**Dataset extract:**
↓

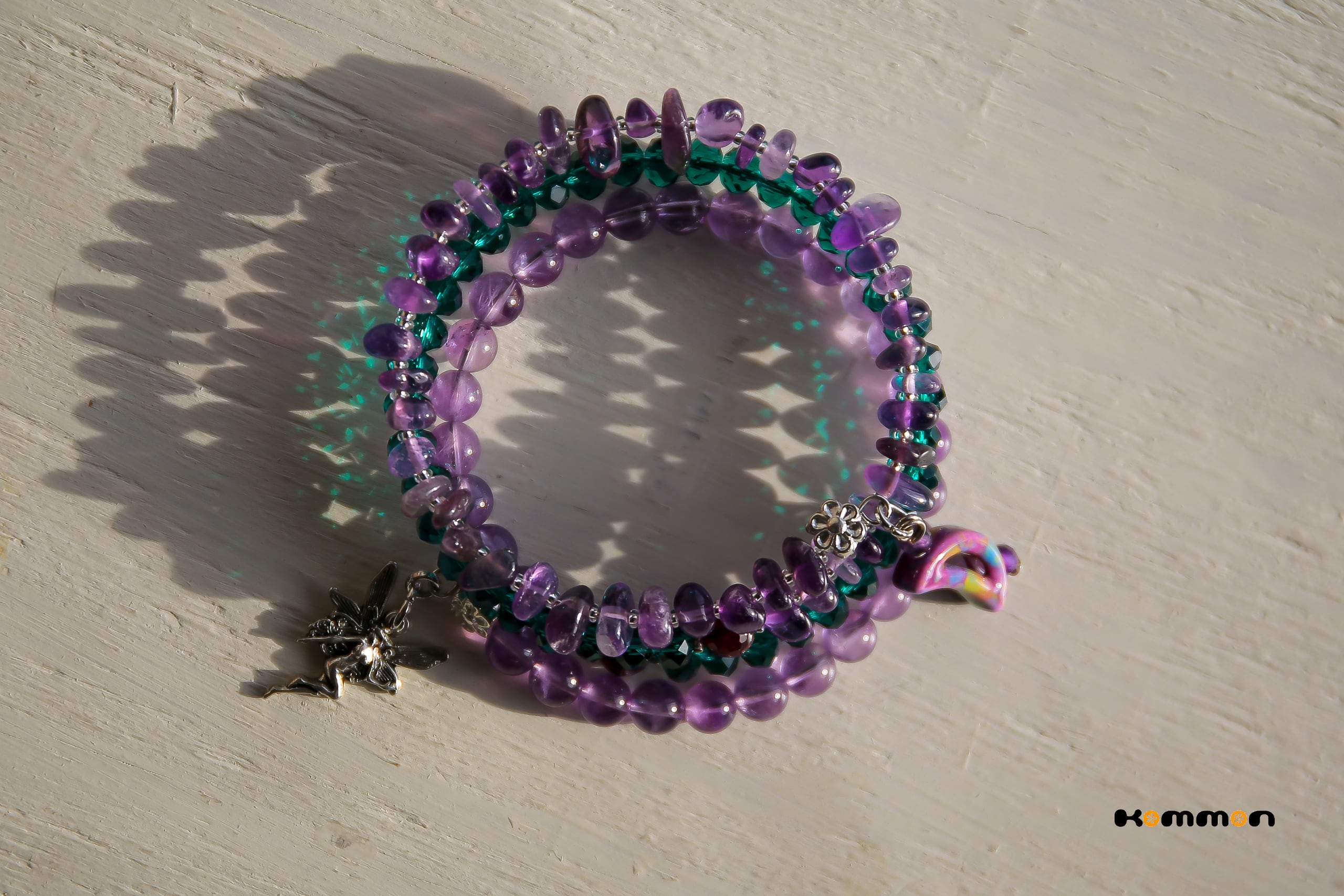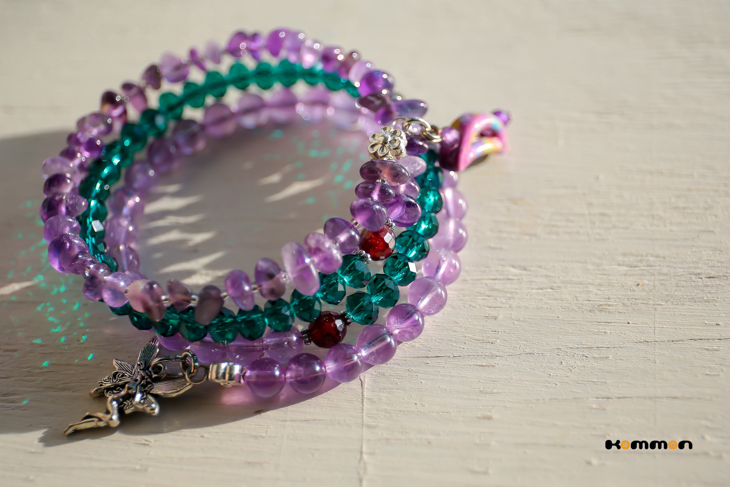 素材■アメジスト(天然石)、ガーネット(天然石)、カットガラスビーズ(輸入)、国産高級ガラスシードビーズ、メタルビーズ、メモリーワイヤー
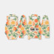 A tiny favour box with a retro vibe. A pattern composed of sliced oranges, whole oranges, green leaves and white blossoms.
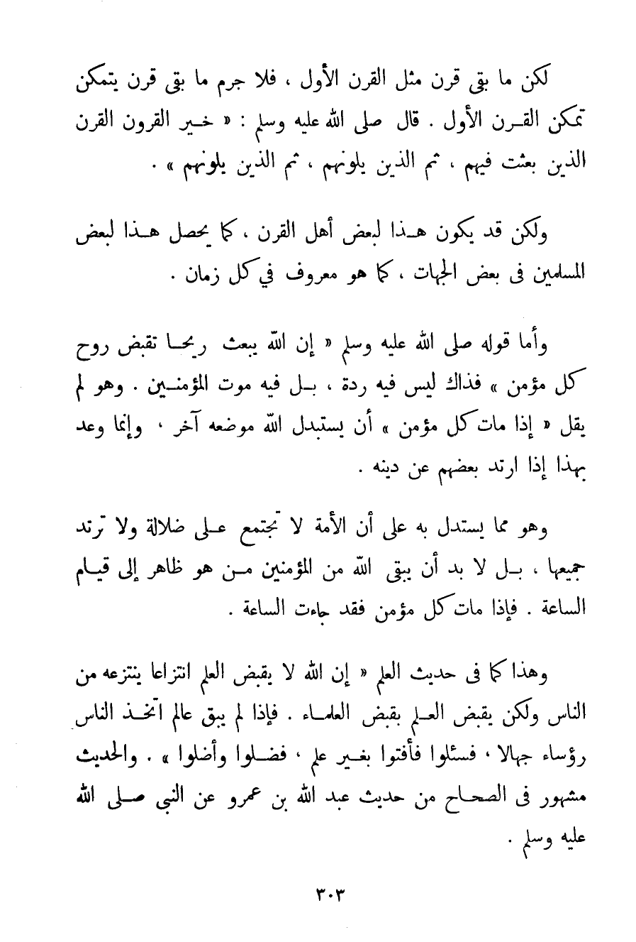 لَكِنْ مَا بَقِيَ قَرْنٌ مِثْلَ الْقَرْنِ الْأَوَّلِ فَلَا جَرَمَ مَا بَقِيَ قَرْنٌ يَتَمَكَّنُ تَمَكُّنَ الْقَرْنِ الْأَوَّلِ. قَالَ صَلَّى اللَّهُ عَلَيْهِ وَسَلَّمَ {خَيْرُ الْقُرُونِ الْقَرْنُ الَّذِينَ بُعِثْت فِيهِمْ ثُمَّ الَّذِينَ يَلُونَهُمْ ثُمَّ الَّذِينَ يَلُونَهُمْ} . وَلَكِنْ قَدْ يَكُونُ هَذَا لِبَعْضِ أَهْلِ الْقَرْنِ كَمَا يَحْصُلُ هَذَا لِبَعْضِ الْمُسْلِمِينَ فِي بَعْضِ الْجِهَاتِ كَمَا هُوَ مَعْرُوفٌ فِي كُلِّ زَمَانٍ. وَأَمَّا قَوْلُهُ صَلَّى اللَّهُ عَلَيْهِ وَسَلَّمَ {إنَّ اللَّهَ يَبْعَثُ رِيحًا تَقْبِضُ رُوحَ كُلِّ مُؤْمِنٍ} فَذَاكَ لَيْسَ فِيهِ رِدَّةٌ بَلْ فِيهِ مَوْتُ الْمُؤْمِنِينَ. وَهُوَ لَمْ يَقُلْ " إذَا مَاتَ كُلُّ مُؤْمِنٍ أَنْ يَسْتَبْدِلَ اللَّهُ مَوْضِعَهُ آخَرَ وَإِنَّمَا وَعَدَ بِهَذَا إذَا ارْتَدَّ بَعْضُهُمْ عَنْ دِينِهِ. وَهُوَ مِمَّا يُسْتَدَلُّ بِهِ عَلَى أَنَّ الْأُمَّةَ لَا تَجْتَمِعُ عَلَى ضَلَالَةٍ وَلَا تَرْتَدُّ جَمِيعُهَا بَلْ لَا بُدَّ أَنْ يُبْقِيَ اللَّهُ مِنْ الْمُؤْمِنِينَ مَنْ هُوَ ظَاهِرٌ إلَى قِيَامِ السَّاعَةِ. فَإِذَا مَاتَ كُلُّ مُؤْمِنٍ فَقَدْ جَاءَتْ السَّاعَةُ. وَهَذَا كَمَا فِي حَدِيثِ الْعِلْمِ {إنَّ اللَّهَ لَا يَقْبِضُ الْعِلْمَ انْتِزَاعًا يَنْتَزِعُهُ مِنْ النَّاسِ وَلَكِنْ يَقْبِضُ الْعِلْمَ بِقَبْضِ الْعُلَمَاءِ. فَإِذَا لَمْ يَبْقَ عَالِمٌ اتَّخَذَ النَّاسُ رُؤَسَاءَ جُهَّالًا فَسُئِلُوا فَأَفْتَوْا بِغَيْرِ عِلْمٍ فَضَّلُوا وَأَضَلُّوا} . وَالْحَدِيثُ مَشْهُورٌ فِي الصِّحَاحِ مِنْ حَدِيثِ عَبْدِ اللَّهِ بْنِ عَمْرٍو عَنْ النَّبِيِّ صَلَّى اللَّهُ عَلَيْهِ وَسَلَّمَ

↑

**Work instructions:** Copy the listing above verbatim, leaving out pictures.

**Response to this task:**
 素材■アメジスト(天然石)、ガーネット(天然石)、カットガラスビーズ(輸入)、国産高級ガラスシードビーズ、メタルビーズ、メモリーワイヤー
 A tiny favour box with a retro vibe. A pattern composed of sliced oranges, whole oranges, green leaves and white blossoms.
 لَكِنْ مَا بَقِيَ قَرْنٌ مِثْلَ الْقَرْنِ الْأَوَّلِ فَلَا جَرَمَ مَا بَقِيَ قَرْنٌ يَتَمَكَّنُ تَمَكُّنَ الْقَرْنِ الْأَوَّلِ. قَالَ صَلَّى اللَّهُ عَلَيْهِ وَسَلَّمَ {خَيْرُ الْقُرُونِ الْقَرْنُ الَّذِينَ بُعِثْت فِيهِمْ ثُمَّ الَّذِينَ يَلُونَهُمْ ثُمَّ الَّذِينَ يَلُونَهُمْ} . وَلَكِنْ قَدْ يَكُونُ هَذَا لِبَعْضِ أَهْلِ الْقَرْنِ كَمَا يَحْصُلُ هَذَا لِبَعْضِ الْمُسْلِمِينَ فِي بَعْضِ الْجِهَاتِ كَمَا هُوَ مَعْرُوفٌ فِي كُلِّ زَمَانٍ. وَأَمَّا قَوْلُهُ صَلَّى اللَّهُ عَلَيْهِ وَسَلَّمَ {إنَّ اللَّهَ يَبْعَثُ رِيحًا تَقْبِضُ رُوحَ كُلِّ مُؤْمِنٍ} فَذَاكَ لَيْسَ فِيهِ رِدَّةٌ بَلْ فِيهِ مَوْتُ الْمُؤْمِنِينَ. وَهُوَ لَمْ يَقُلْ " إذَا مَاتَ كُلُّ مُؤْمِنٍ أَنْ يَسْتَبْدِلَ اللَّهُ مَوْضِعَهُ آخَرَ وَإِنَّمَا وَعَدَ بِهَذَا إذَا ارْتَدَّ بَعْضُهُمْ عَنْ دِينِهِ. وَهُوَ مِمَّا يُسْتَدَلُّ بِهِ عَلَى أَنَّ الْأُمَّةَ لَا تَجْتَمِعُ عَلَى ضَلَالَةٍ وَلَا تَرْتَدُّ جَمِيعُهَا بَلْ لَا بُدَّ أَنْ يُبْقِيَ اللَّهُ مِنْ الْمُؤْمِنِينَ مَنْ هُوَ ظَاهِرٌ إلَى قِيَامِ السَّاعَةِ. فَإِذَا مَاتَ كُلُّ مُؤْمِنٍ فَقَدْ جَاءَتْ السَّاعَةُ. وَهَذَا كَمَا فِي حَدِيثِ الْعِلْمِ {إنَّ اللَّهَ لَا يَقْبِضُ الْعِلْمَ انْتِزَاعًا يَنْتَزِعُهُ مِنْ النَّاسِ وَلَكِنْ يَقْبِضُ الْعِلْمَ بِقَبْضِ الْعُلَمَاءِ. فَإِذَا لَمْ يَبْقَ عَالِمٌ اتَّخَذَ النَّاسُ رُؤَسَاءَ جُهَّالًا فَسُئِلُوا فَأَفْتَوْا بِغَيْرِ عِلْمٍ فَضَّلُوا وَأَضَلُّوا} . وَالْحَدِيثُ مَشْهُورٌ فِي الصِّحَاحِ مِنْ حَدِيثِ عَبْدِ اللَّهِ بْنِ عَمْرٍو عَنْ النَّبِيِّ صَلَّى اللَّهُ عَلَيْهِ وَسَلَّمَ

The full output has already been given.